AIM OF THE EXERCISE> Copy out every line of the data exactly; do not include the images.

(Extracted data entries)
○ ○ ○ ○ ○ ○ ○

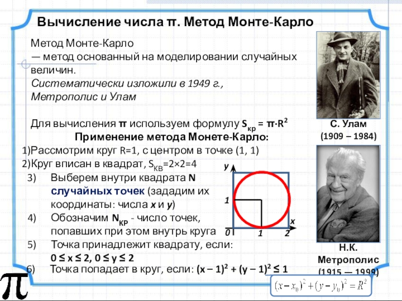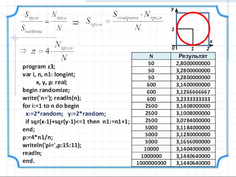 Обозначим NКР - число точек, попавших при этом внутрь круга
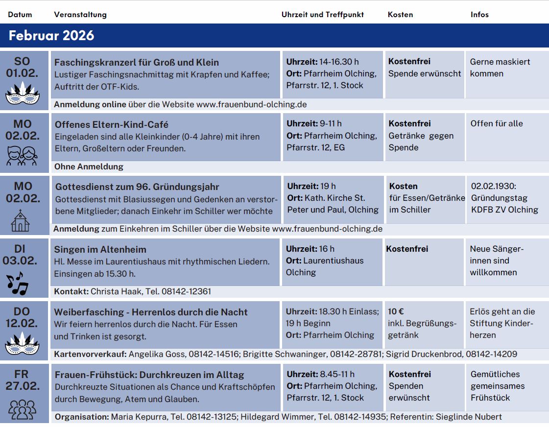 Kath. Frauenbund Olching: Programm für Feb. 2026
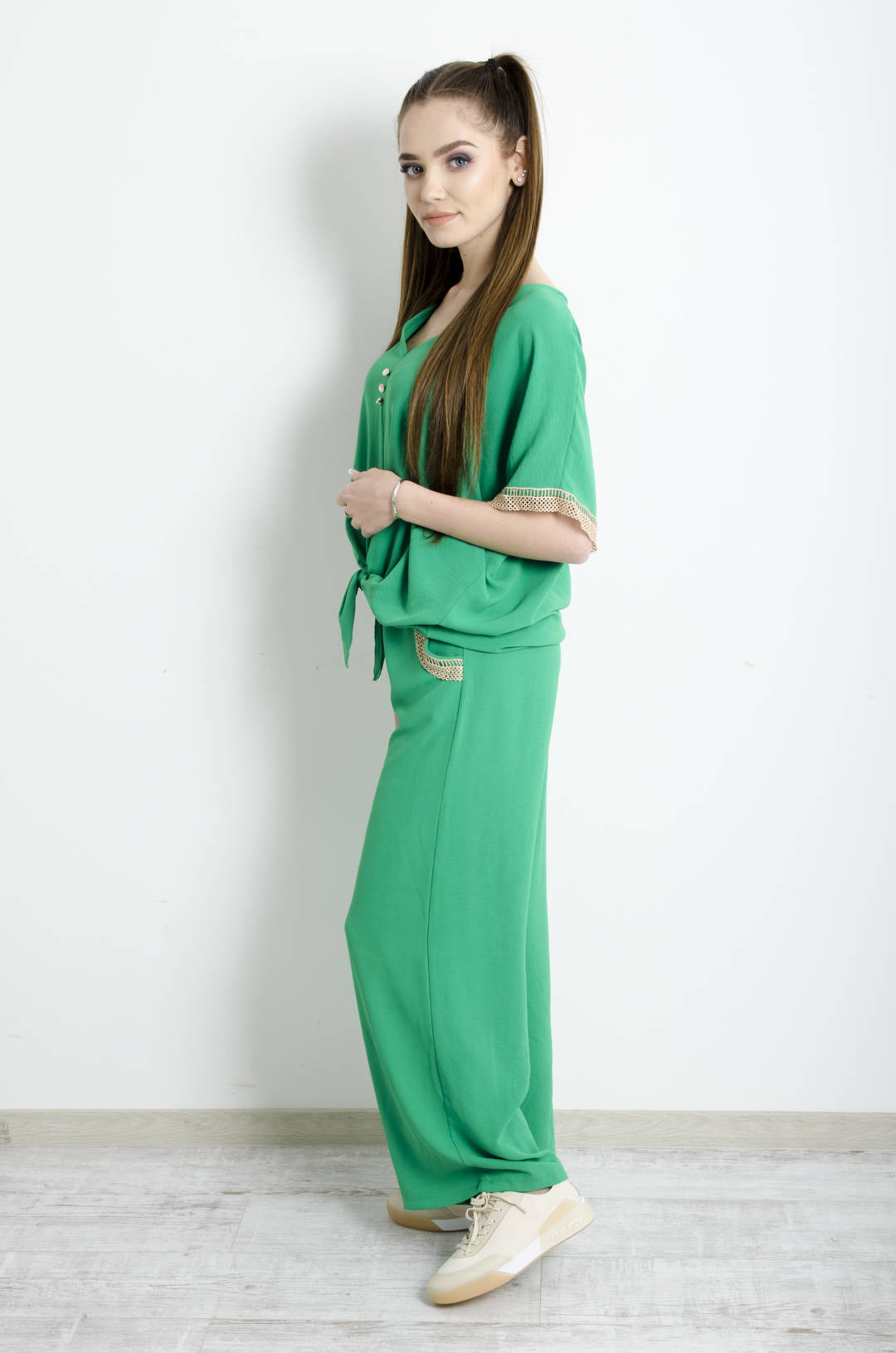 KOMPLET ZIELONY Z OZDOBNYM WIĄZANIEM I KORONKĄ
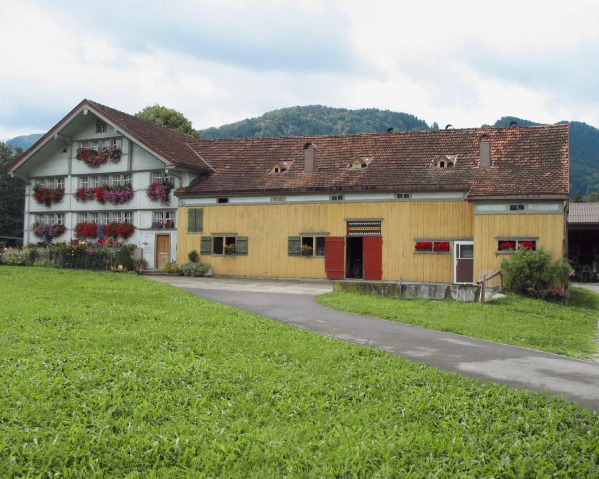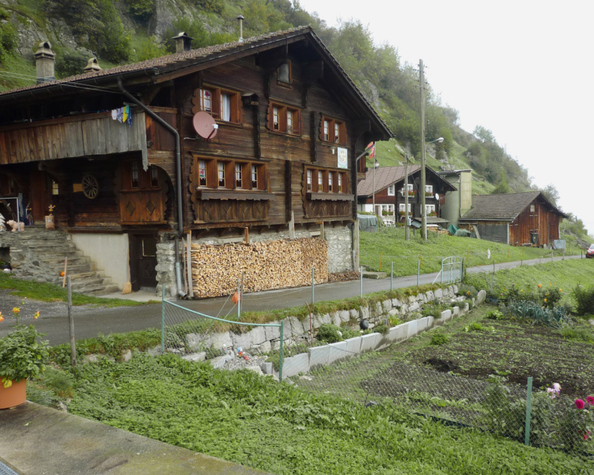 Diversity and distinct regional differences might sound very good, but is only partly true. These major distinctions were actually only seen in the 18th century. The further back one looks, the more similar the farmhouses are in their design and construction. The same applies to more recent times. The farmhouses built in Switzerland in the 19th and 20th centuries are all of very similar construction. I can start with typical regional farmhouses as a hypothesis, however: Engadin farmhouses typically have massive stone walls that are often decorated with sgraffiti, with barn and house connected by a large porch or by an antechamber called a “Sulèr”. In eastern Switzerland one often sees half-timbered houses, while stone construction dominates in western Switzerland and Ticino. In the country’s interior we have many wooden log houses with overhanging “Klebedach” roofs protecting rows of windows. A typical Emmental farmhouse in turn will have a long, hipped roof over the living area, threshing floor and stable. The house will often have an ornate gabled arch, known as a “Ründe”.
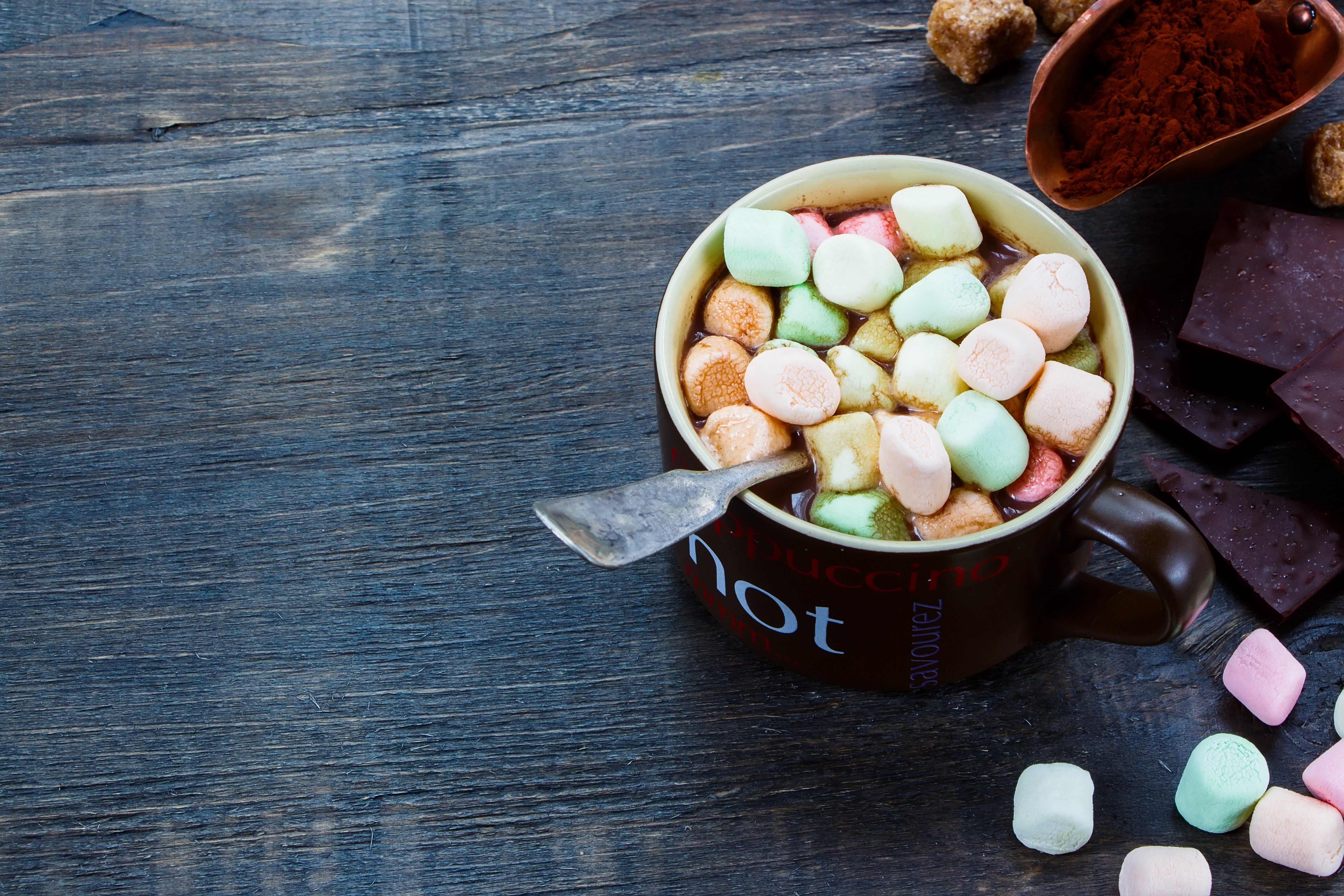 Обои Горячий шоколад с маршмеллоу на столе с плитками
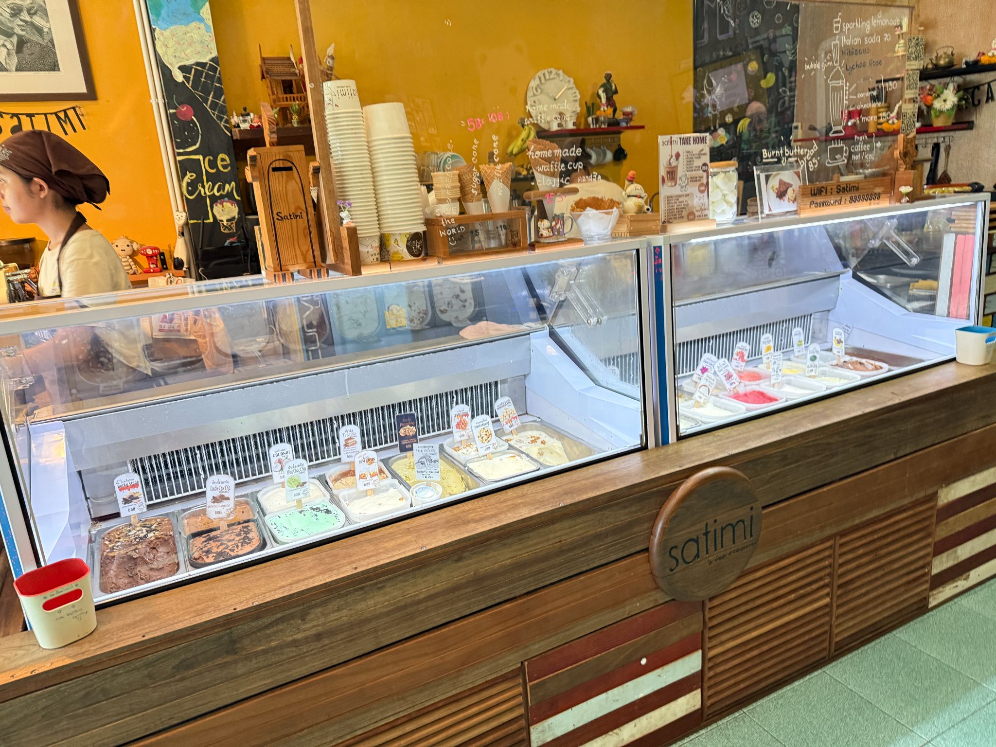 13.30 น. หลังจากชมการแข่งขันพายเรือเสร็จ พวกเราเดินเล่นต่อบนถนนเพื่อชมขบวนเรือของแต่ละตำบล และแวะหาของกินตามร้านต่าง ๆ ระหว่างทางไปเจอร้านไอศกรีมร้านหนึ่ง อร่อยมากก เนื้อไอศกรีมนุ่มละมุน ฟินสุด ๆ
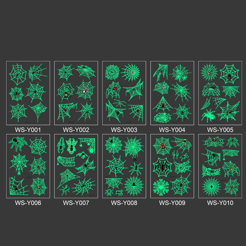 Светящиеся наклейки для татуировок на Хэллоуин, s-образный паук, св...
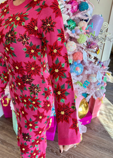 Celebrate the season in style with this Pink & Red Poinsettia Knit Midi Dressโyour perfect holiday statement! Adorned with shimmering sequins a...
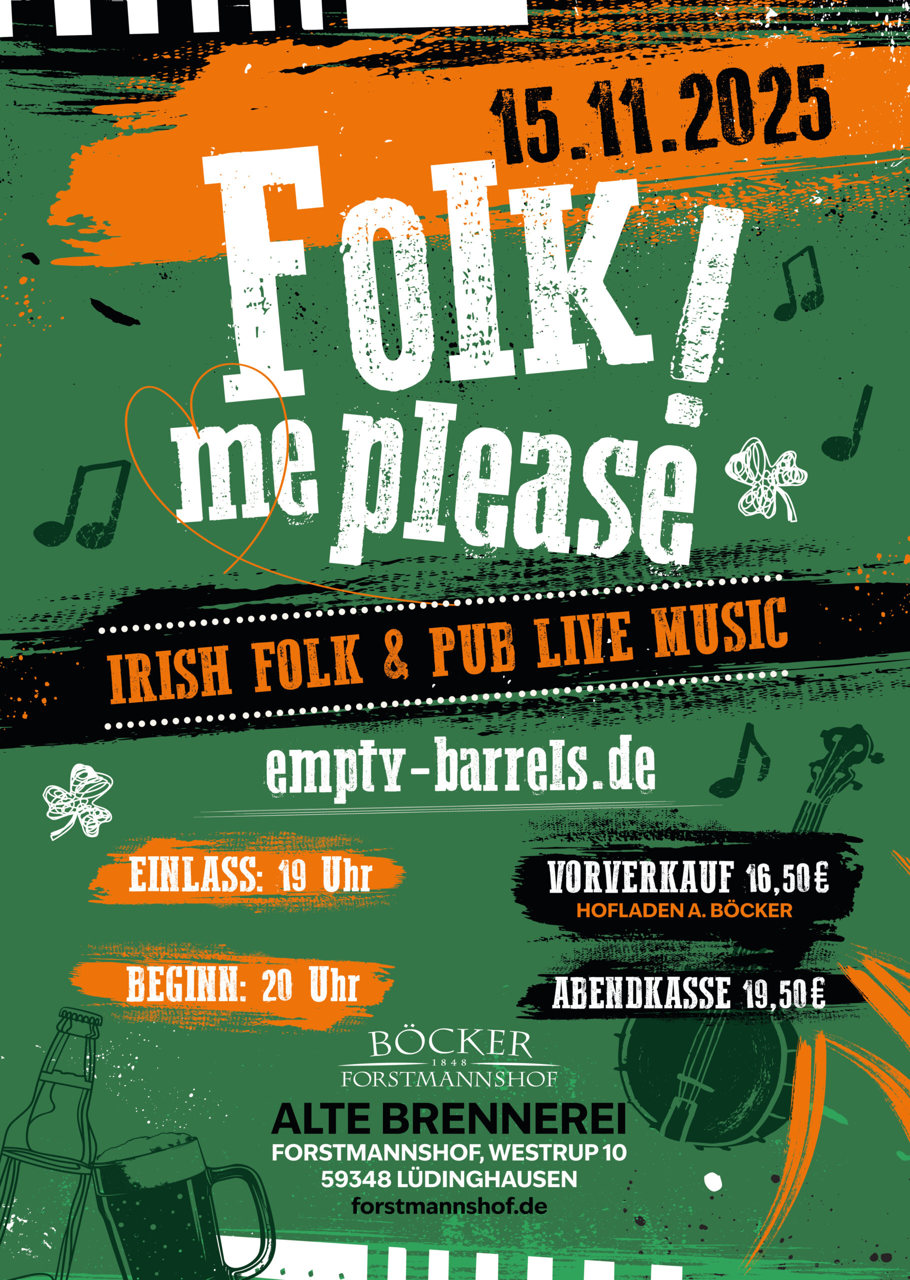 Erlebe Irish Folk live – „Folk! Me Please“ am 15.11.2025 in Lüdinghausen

○ ○ ○ ○ ○ ○ ○

SOLVED EXERCISE>
 Обозначим NКР - число точек, попавших при этом внутрь круга
 Kath. Frauenbund Olching: Programm für Feb. 2026
 KOMPLET ZIELONY Z OZDOBNYM WIĄZANIEM I KORONKĄ
 Diversity and distinct regional differences might sound very good, but is only partly true. These major distinctions were actually only seen in the 18th century. The further back one looks, the more similar the farmhouses are in their design and construction. The same applies to more recent times. The farmhouses built in Switzerland in the 19th and 20th centuries are all of very similar construction. I can start with typical regional farmhouses as a hypothesis, however: Engadin farmhouses typically have massive stone walls that are often decorated with sgraffiti, with barn and house connected by a large porch or by an antechamber called a “Sulèr”. In eastern Switzerland one often sees half-timbered houses, while stone construction dominates in western Switzerland and Ticino. In the country’s interior we have many wooden log houses with overhanging “Klebedach” roofs protecting rows of windows. A typical Emmental farmhouse in turn will have a long, hipped roof over the living area, threshing floor and stable. The house will often have an ornate gabled arch, known as a “Ründe”.
 Обои Горячий шоколад с маршмеллоу на столе с плитками
 13.30 น. หลังจากชมการแข่งขันพายเรือเสร็จ พวกเราเดินเล่นต่อบนถนนเพื่อชมขบวนเรือของแต่ละตำบล และแวะหาของกินตามร้านต่าง ๆ ระหว่างทางไปเจอร้านไอศกรีมร้านหนึ่ง อร่อยมากก เนื้อไอศกรีมนุ่มละมุน ฟินสุด ๆ
 Светящиеся наклейки для татуировок на Хэллоуин, s-образный паук, св...
 Celebrate the season in style with this Pink & Red Poinsettia Knit Midi Dressโyour perfect holiday statement! Adorned with shimmering sequins a...
 Erlebe Irish Folk live – „Folk! Me Please“ am 15.11.2025 in Lüdinghausen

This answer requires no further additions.